Casearia sylvestris is valued for its wood, resin, and ecological benefits. It is a fast-growing species, thriving in tropical forests, salty soils, full sun, and dappled shade, and regenerates well through coppicing, with a lifespan of up to 20 years. Its globose capsule produces 2–5 seeds wrapped in a yellow, edible aril, contrasting with the potentially toxic capsules of some species. Cultivation of Casearia sylvestris relies on fresh seeds, best collected when capsules begin to open, rinsed to remove arils, and sown in shaded nursery beds. Germination rates are low but variable, with seedlings sprouting within 20–30 days, reaching transplant size within months. Cuttings also serve as an alternative propagation method. The tree is used in reforestation and wildlife restoration, providing food for birds and pollen for bees, with flowers that emit a scent resembling honey and urine. Its fine-textured, strong wood, though susceptible to wood-eating organisms, is used for construction, flooring, lathe work, cabinet making, and charcoal production.

== Ecology ==
Casearia sylvestris is a highly adaptive perennial species and demonstrates ecological and genetic diversity, playing a significant role in ecosystems such as the Cerrado, Atlantic Forest, gallery forests, and wetland. Studies have revealed adaptive wood anatomical features, including variations in vessel frequency and ray width, which enhance survival strategies in response to environmental pressures like drought. Research into genetic structures highlights the species’ ability to adapt to restoration processes and natural habitats, showcasing higher genetic variability in restored forests compared to remnants of semi-deciduous seasonal forests. Population genetic studies emphasize the differentiation between sympatric and allopatric subordinate taxa of the taxon, revealing hybridization and genome duplication as factors contributing to the genetic diversity and adaptation of this species. The integration of genetic and ecological findings supports the recognition of distinct evolutionary units, aiding in conservation and restoration efforts.

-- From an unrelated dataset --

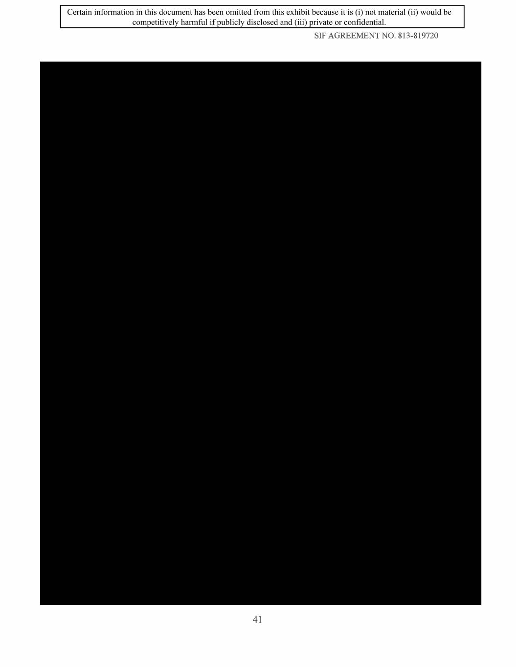 SIF AGREEMENT NO. 813-819720 41 Certain information in this document has been omitted from this exhibit because it is (i) not material (ii) would be competitively harmful if publicly disclosed and (iii) private or confidential.

Overall, Casearia sylvestris exemplifies ecological adaptability, genetic complexity, and practical significance within its native range.

== Observation data ==
The observation patterns for Casearia sylvestris on iNaturalist reveal a distinct seasonality in recorded sightings, with research-grade observations remaining relatively low from January to March, increasing in April, and peaking in July before declining in late autumn and winter. Verifiable observations follow a similar trajectory but with generally higher values, reaching a peak in May with around 90 observations. Over the past ten years, observations have steadily increased, with notable spikes in 2022 and 2023, suggesting heightened observer activity or potential shifts in species abundance. The identification of plant sex remains largely unclassified, with a peak in observations with no annotations in August, while instances where sex could not be determined remain fairly stable, slightly increasing in November. The presence of flowers and fruits follows a clear seasonal pattern, with flowers peaking in April and again in September, while fruiting shows a late-year concentration in November. Observations of leaves indicate midyear peaks, especially in June and August, with breaking leaf buds being documented minimally, mostly in April. Overall, these trends likely stem from a combination of ecological cycles, observer behavior, and environmental factors. Increased observations during warmer months may reflect higher species activity and accessibility, while fluctuations in classification accuracy suggest varying levels of observer engagement. The rising documentation over the past decade could indicate a growing interest in the species or improved monitoring efforts.

== Conservation status ==
Casearia sylvestris is broadly distributed, supports a substantial population, and faces no immediate or significant future threats. Consequently, it is classified as LC by the IUCN Red List. Other information on its population size and dynamics are absent at this time and may need further research.